Nah boi that's MY fucking plant. Do you want to eat that plant you gona have to give me something for it.
..and to get something to give me in exchange, guess what? You gonna have to work! You'll either have to plant something else, hunt, make something etc.
Just because you don't like to work it doesn't mean I owe anything to you
Edit: I just wanted to point out that work is not the problem. The problem is the economical model, some stupid ass works, monopoly etc
"growing population" is a sedentary problem. Hunter-gatherers didn't reproduce like rabbits.
They still did, a bunch of kids just died or were infanticided because that was the closest thing to birth control.
i remember reading that higher calorie supply makes people more willing to breed, so agriculture kinda caused people to have more kids, because they could.
I don't believe infanticide was a common thing at any point.
For one, people in the past were well aware that some herbs had a dampening effect on fertility (not as comprehensive as modern methods, but still apparently visible emough). Together with a longer breastfeeding period and less nutrition, that will have been enough to curtail the actual amount of pregnancies.

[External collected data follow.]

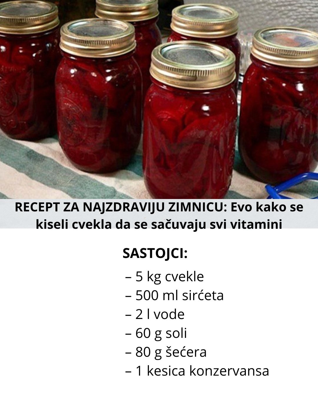 Na ovaj način dobićete oko devet tegli savršeno ukiseljene, hrskave cvekle koja zadržava prirodnu boju i miris.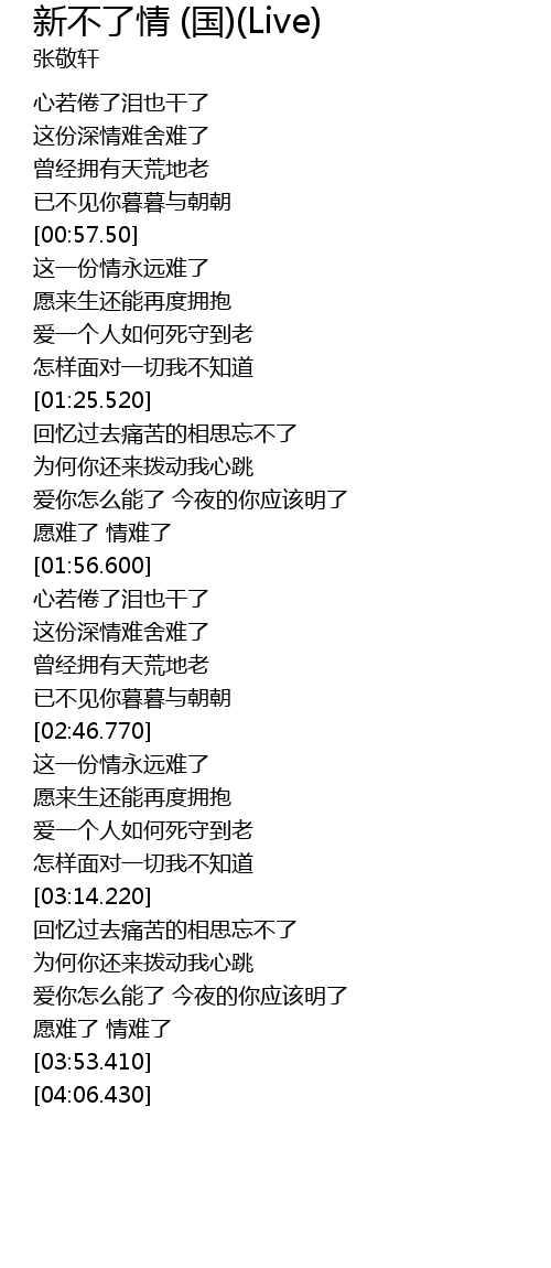 | [00:57.130] | zhe yi fen qing yong yuan nan le |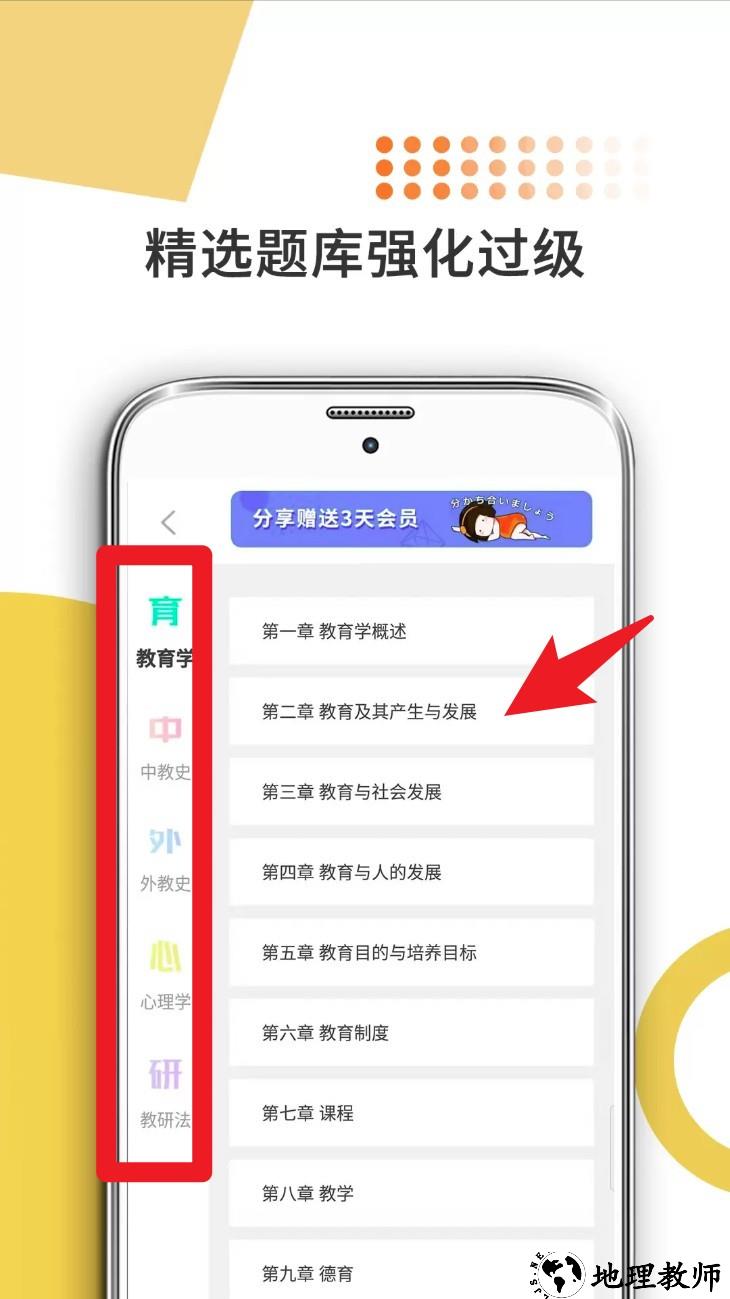 2. 登录成功后,在首页点击教育学考研模块,进入各章节的题库练习界面。

People loved their children. There are enough grave inscriptions and stories detailing the depth of grief or framing a willingness to sacrifice your own kid as remarkable obedience (Abraham and Isaac, Cepheus and Andromeda). I see no reason to believe that this should have been so different in the cultures before recorded history.
Nope, that started after the neolithic revolution.
Before that, people had way less kids since 1. diseases weren't as rampant then as they were after beginning agriculture (turns out that living in close corridors and near your animals that are full of diseases and parasites may not be healthy), and 2. people breastfed their babies until 3-5 years, unlike later, when people only breastfed them for a year or so, or even used wet nurses, which allowed the mother to get pregnant again soon after giving birth.
Of course a lot of kids surely died, but not nearly as much as in later societies up until the introduction of vaccines and other parts of modern medicine.
As for infanticide, I'm not particularly knowledgeable on that, but I'm pretty sure that it wasn't nearly as common when births were much rarer and attitudes towards groups that later cultures usually killed as babies, such as disabled people, intersex people, and others that were considered 'deformed', were much more lenient.
do you have any sources for infanticide?
was infant mortality higher for hunter-gatherers compared to Neolithic or even medieval times?
some information from a quick search (i'm not an archeologist or anthropologist. I was just very interested in Neolithic period at some time 🤷
https://motherhoodinprehistory.wordpress.com/2015/08/31/prehistoric-child-spacing/
Except that we do that and we still have people starving to death. Maybe we ought to try something different.
Sure, but the answer isn't hunting and gathering.
No one suggested that we go back to hunting/gathering.
Currently reading the Bobiverse take on this. It's still ongoing and I'm curious where the author will fall in the end.